Se observa: Ante todo, debe saberse que el recurso de casación por su índole y modalidades normativas, no ofrece campo para alegar excepciones ni para declarar nulidades, salvo en el caso previsto en la causal 6ª del Artículo 520 del Código Judicial. Es, como lo ha dicho la Corte, un recurso extraordinario establecido en nuestra legislación procedimental con preceptos taxativos.
Dentro de tales preceptos no hay ninguno que autorice la infirmación de un fallo, cuando como en el presente caso, se alega sin fundamento jurídico alguno, que durante la secuela del juicio se incurrió en defectos procedimentales. Errado es el concepto del recurrente, cuando afirma que la no citación del Ministerio Público prescrita en el Artículo 12 de la ley 45 de 1936 en los juicios de filiación natural, genera en silos nulidad.
La intervención de dicho funcionario no es esencial en todos los casos, pues, el inciso 2º del artículo 12 de la citada ley 45, dice: "Las acciones judiciales dirigidas a obtener que se declare la filiación natural se surten precisamente por medio de abogado titulado, salvo cuando los siga el Ministerio Público". Esto hace ver claro, dijo la Corte, en sentencia de fecha 22 de mayo de 1947, que la misma ley contempla casos en que el Ministerio Público no las siga, esto es, que no se ordena la intervención del mismo, en todo caso.
Posteriormente, en sentencia de fecha 11 de mayo de 1948, reafirmó su doctrina en los siguientes términos: "La Corte ha decidido en numerosas ocasiones, que al Ministerio Público no corresponde siempre y necesariamente la calidad de parte en los juicios sobre declaración de filiación natural, en forma que su ausencia determine nulidad de lo actuado".

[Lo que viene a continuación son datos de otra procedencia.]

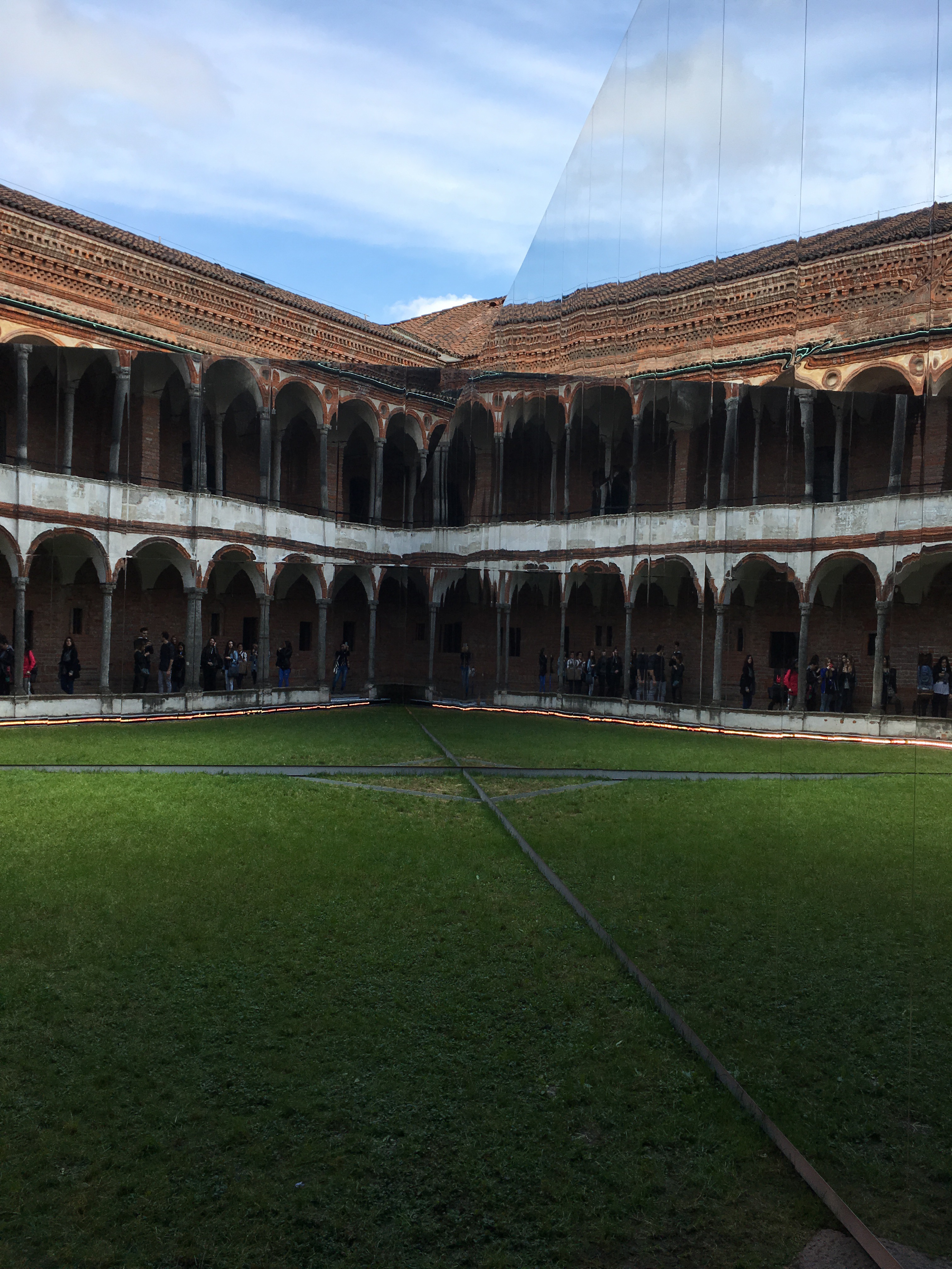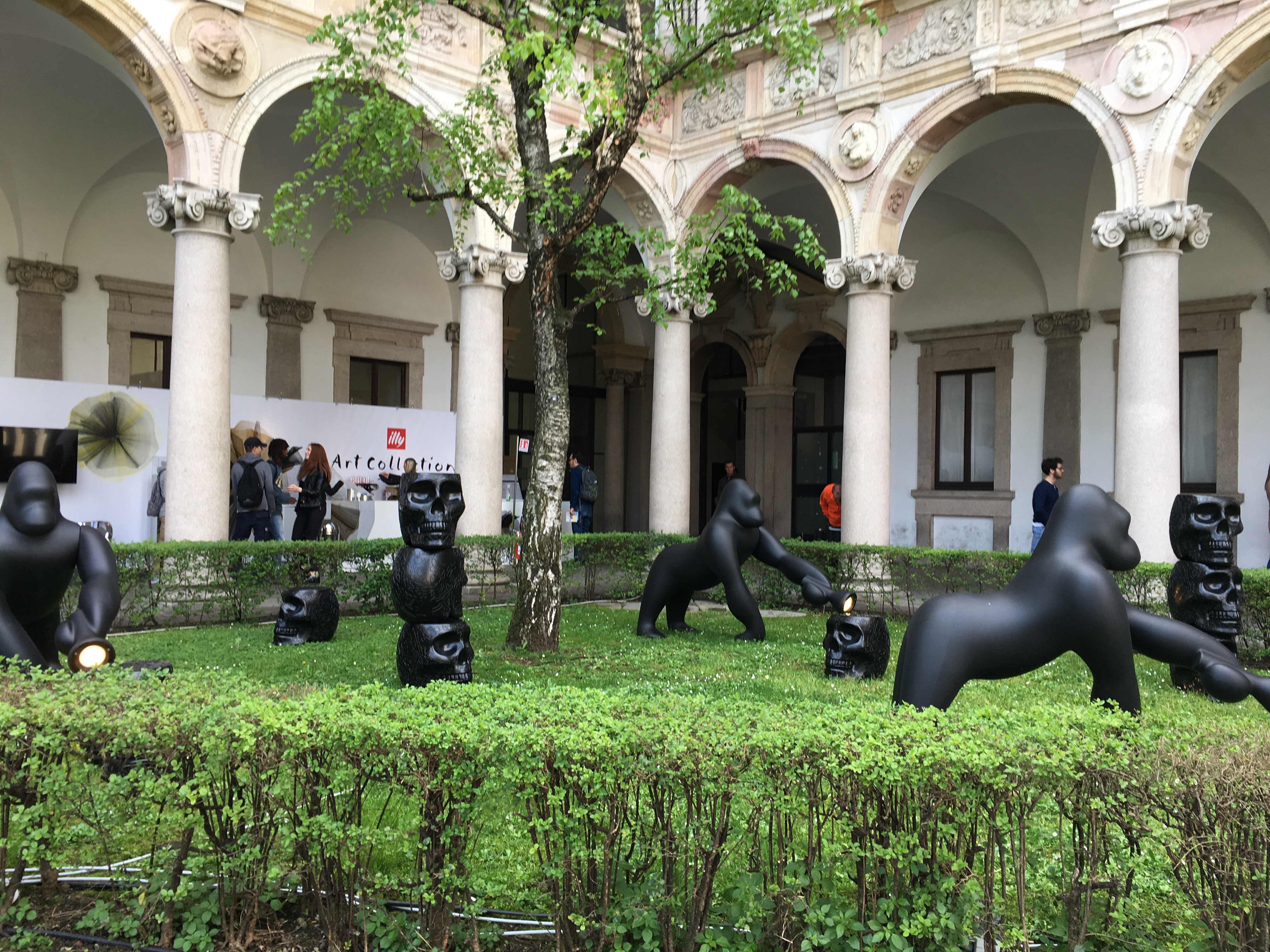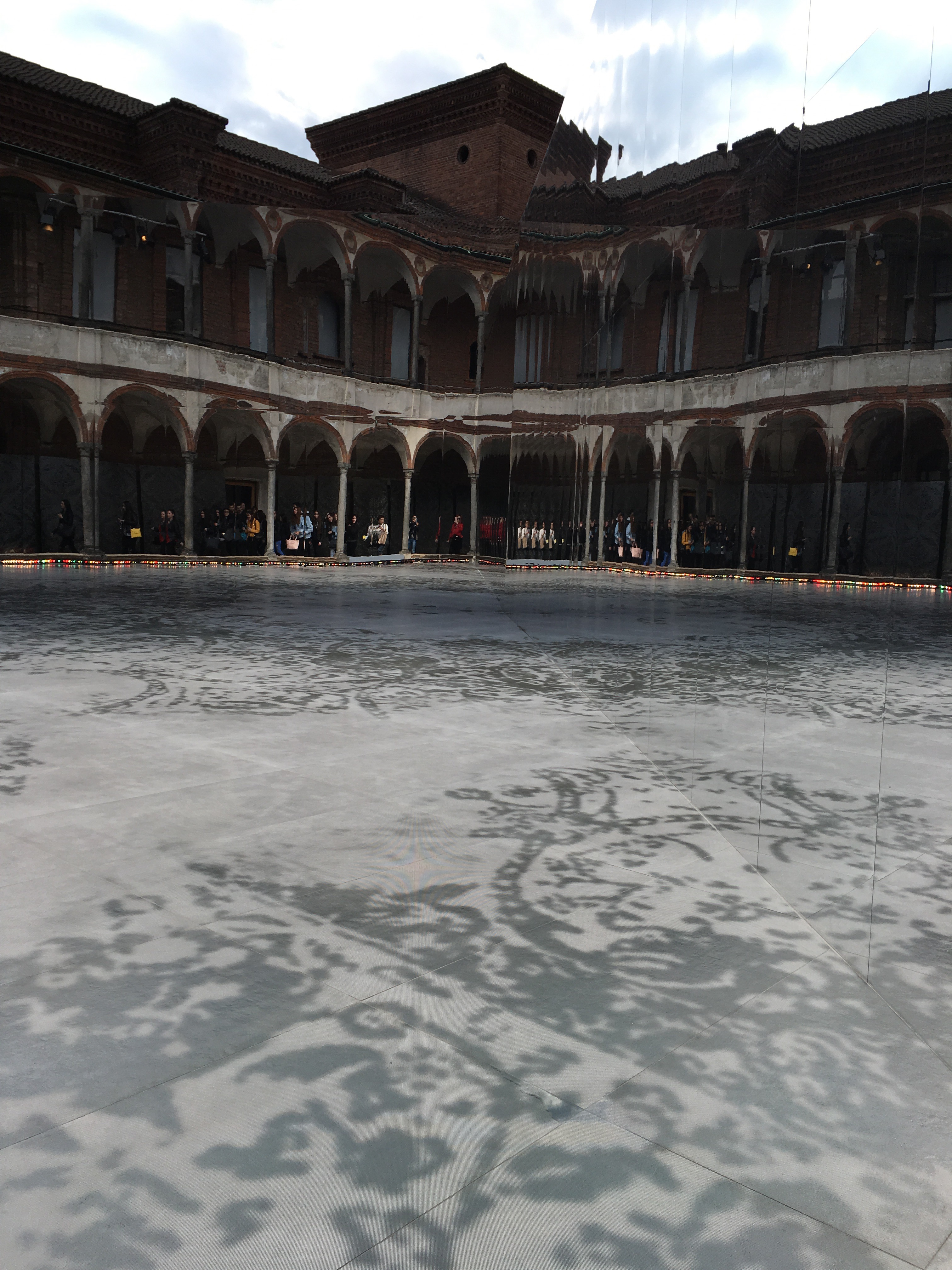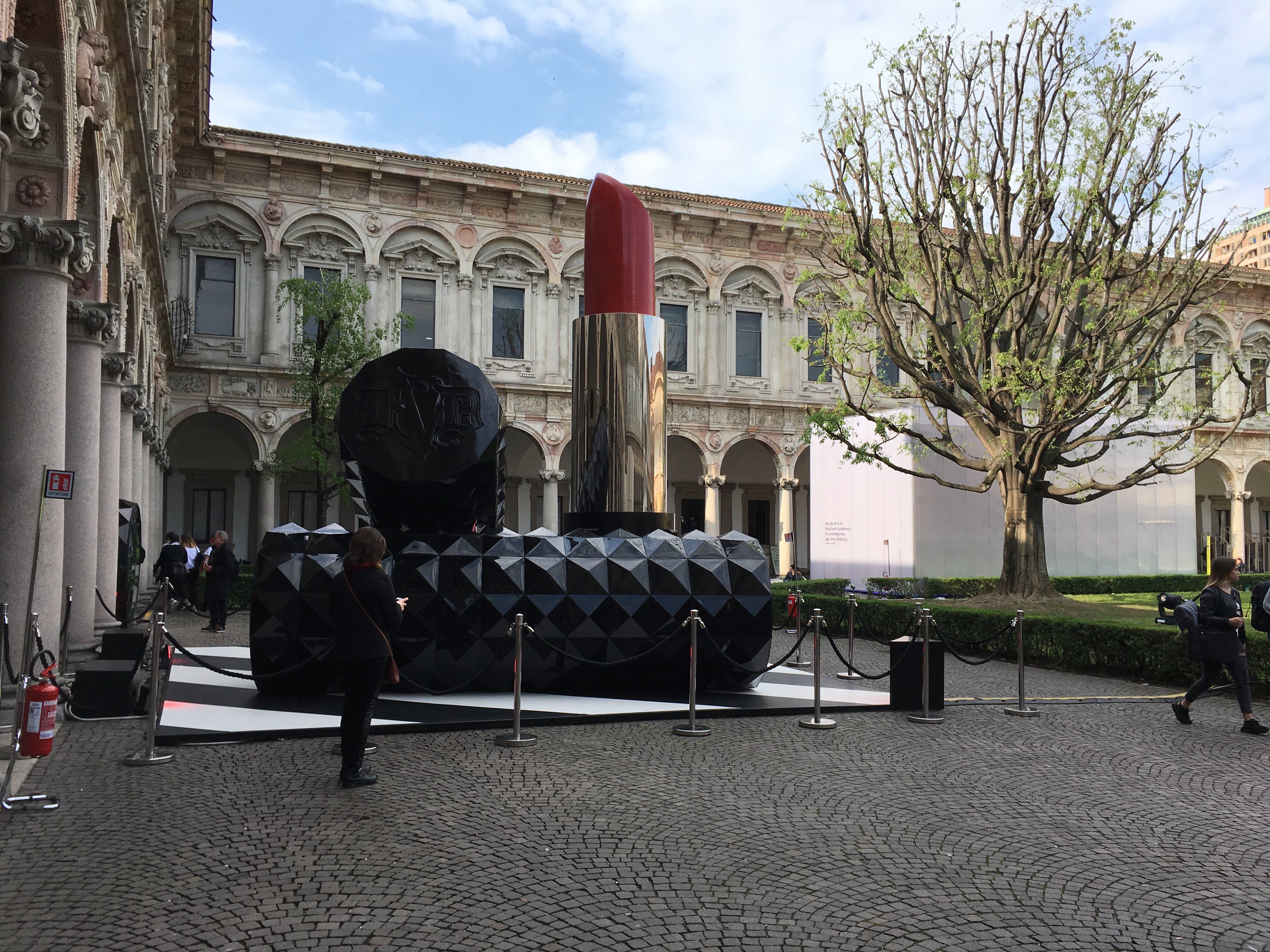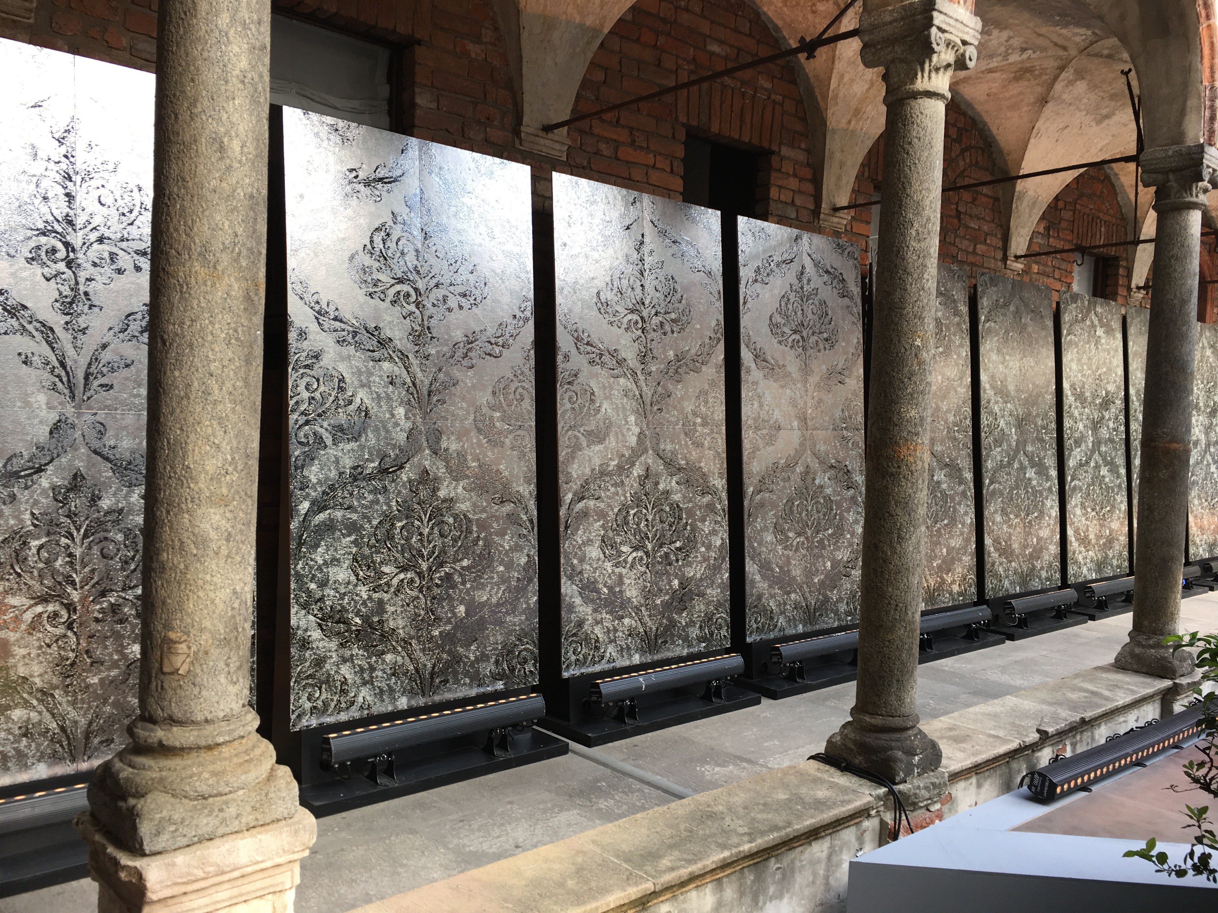 ミラノ大学でのバックヤードの巨大展示。スポンサーはタイルメーカー、ダマスクの大きなタイルが展示されています。この写真どうなっているかわからないでしょ。直角に交わった巨大ミラーが中庭の廻廊を映し出し、そこに屋根のクラシックな建築がうまく溶け込んでいるんです。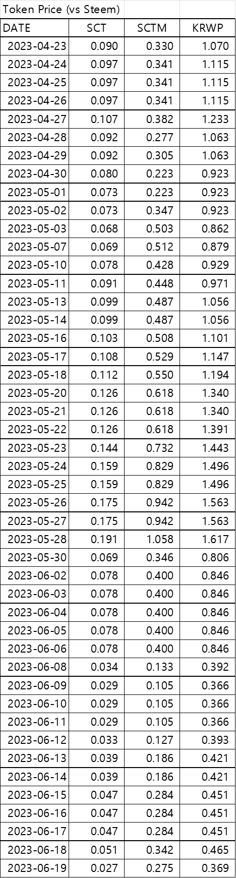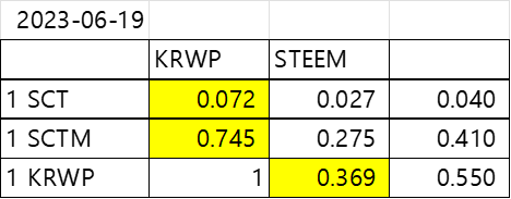 Swap pricesteemCreated with Sketch.abdullar (72)in #sct • 3 years ago 1 SCT = 0.072 KRWP 1 SCTM = 0.745 KRWP 1 KRWP = 0.369 STEEM #swap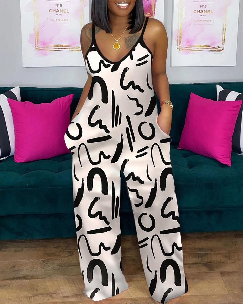 Plus Size Abstract Print Spaghetti Strap Jumpsuit, Apricot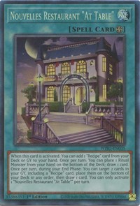 Description: When this card is activated: You can add 1 "Recipe" card from your Deck or GY to your hand. Once per turn: You can place 1 Ritual Monster from your hand on the bottom of the Deck; draw 1 card. Once per turn, during your End Phase: You can target 2 cards in your GY, including a "Recipe" card; place them on the bottom of your Deck in any order, then draw 1 card. You can only activate 1 "Nouvelles Restaurant "At Table"" per turn.

Lo expuesto anteriormente demuestra cómo, ni al tenor de la Ley 45 de 1936, ni a la luz de la Jurisprudencia nacional, es siempre necesaria la presencia del Ministerio Público en los juicios de filiación natural, menos en casos como el actual, en que el juicio fue iniciado y lo ha seguido asistiendo en sus diferentes etapas un apoderado, designado en ejercicio de la patria potestad por la madre de los menores a que este proceso se refiere.
No existe en consecuencia, violación alguna del numeral 3º del Art. 448 del Código Judicial, y en tal virtud es infundada y por ello se rechaza el segundo de los cargos formulados por el recurrente. Por las razones expuestas, la Corte Suprema de Justicia, Sala de Casación Civil, administrando justicia en nombre de la República de Colombia y por autoridad de la ley, NO CASA la sentencia de fecha veinticinco (25) de junio de mil novecientos cincuenta y seis (1956), pronunciada por el Tribunal Superior del Distrito Judicial de Bogotá, en el juicio ordinario seguido por Isabel Cifuentes y otros contra Rafael Tovar Carreño. Costas a cargo del recurrente.
Publíquese, cópiese, notifíquese, insértese en la GACETA JUDICIAL y devuélvase al Tribunal de origen. Alfredo Cock Arango. — Ignacio Escallón. — José Hernández Arbeláez. — Armando Latorre Rizo. Arturo C. Posada. — Arturo Valencia Zea. — Jorge Soto Soto, Secretario.